SoiSong
qXn948s
Dais Records
/
2022
LP (clear)
26.99
DAIS202LPC / Includes Download Code
750 copies, printed inner
LP (clear orange)
26.99
DAIS202LPC-2 / Includes Download Code
500 copies, printed inner
Incl. VAT plus shipping / Orders from outside the EU are exempt from VAT
Tracklist
1Kabuki-Chop
2Soijin No Hi
3Koi Ru
4Jam Talay Sai

SoiSong is the stunning but short-lived partnership of Coil co-founder Peter “Sleazy” Christopherson and veteran Russian electronic experimentalist Ivan Pavlov. Though friends since 1997, the project birthed roughly a decade later in Bangkok, where Christopherson relocated following the death of his Coil collaborator John Balance in 2004. Named after the Thai word for ‘two’ along with a notorious red-light district street nearby, the duo dialed into a cryptic language of lurching synthetics, Eastern minimalism, and interdimensional glitch, oscillating between elegance and mayhem. »qXn948s« collects some of their earliest recordings, and remains as transgressive and transcendent a listen now as it was upon its release a decade and a half ago.

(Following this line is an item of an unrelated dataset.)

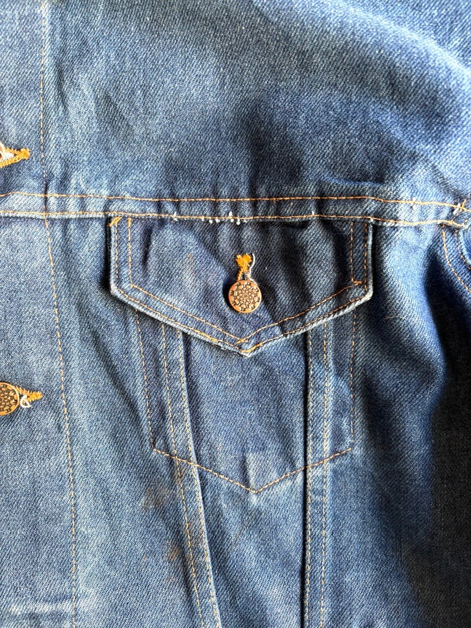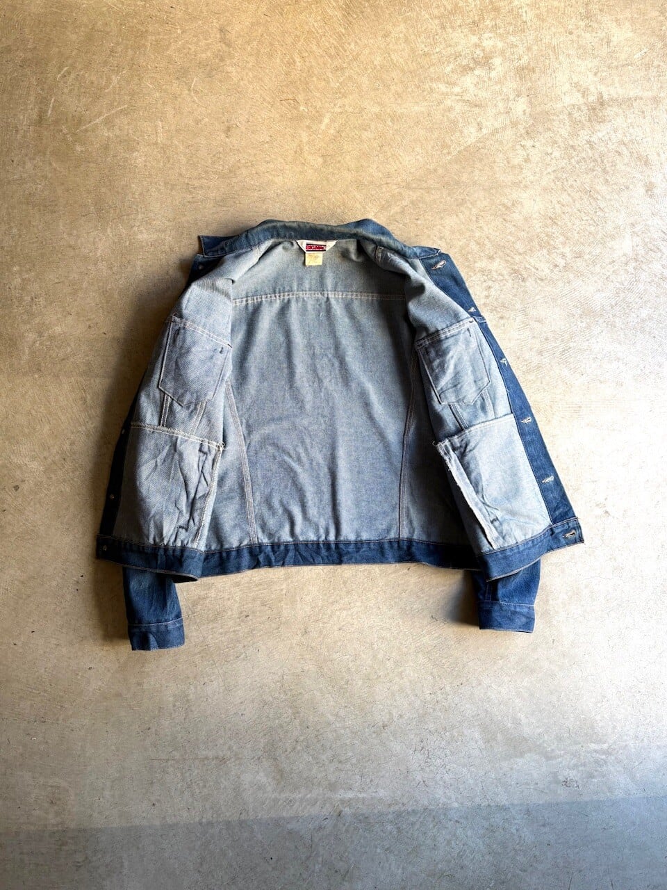 Levi's 70506同様のモデルで、フロントの胸部分にはフラップポケットと、ハンドウォーマーポケットが追加された機能的なデニムジャケット。

Pavlov characterizes SoiSong as less a musical group than a “utopian, semi-alien platform for collaboration, devoid of pronounced personality or centralized authority… more like a message from elsewhere that anyone is welcome to participate in and spread.” Every facet of the project was disruptive and oblique: self-released CDs packaged in elaborate origami that had to be destroyed to be accessed; a website with password protected sections, where different passwords were provided for different events, objects or releases; performance merchandise of headphones and a Walkman melted shut so the music can only be heard as long as the set of batteries last. Theirs was a muse as unprecedented as it was uncompromising, equal parts pranks and profundity.

»qXn948s« began with samples and software composed intuitively in tandem before a large monitor, then progressively processed and scrambled into bewildering arrangements of digital frequencies, alternately spartan and claustrophobic, uneasy and uncanny. Vignettes of small melody emerge and are obliterated; gamelan-esque tones spiral above cybernetic pulse programming and funereal didgeridoo; skeletal piano meanders in the distance while flickering circuitry pummels patterns of white noise. Pavlov describes his and Christopherson’s chemistry as “unspoken and sincere, and very efficient.” That music this aggressively disorienting and complex congealed in a smoothly organic fashion is testament to the rare vision of its creators.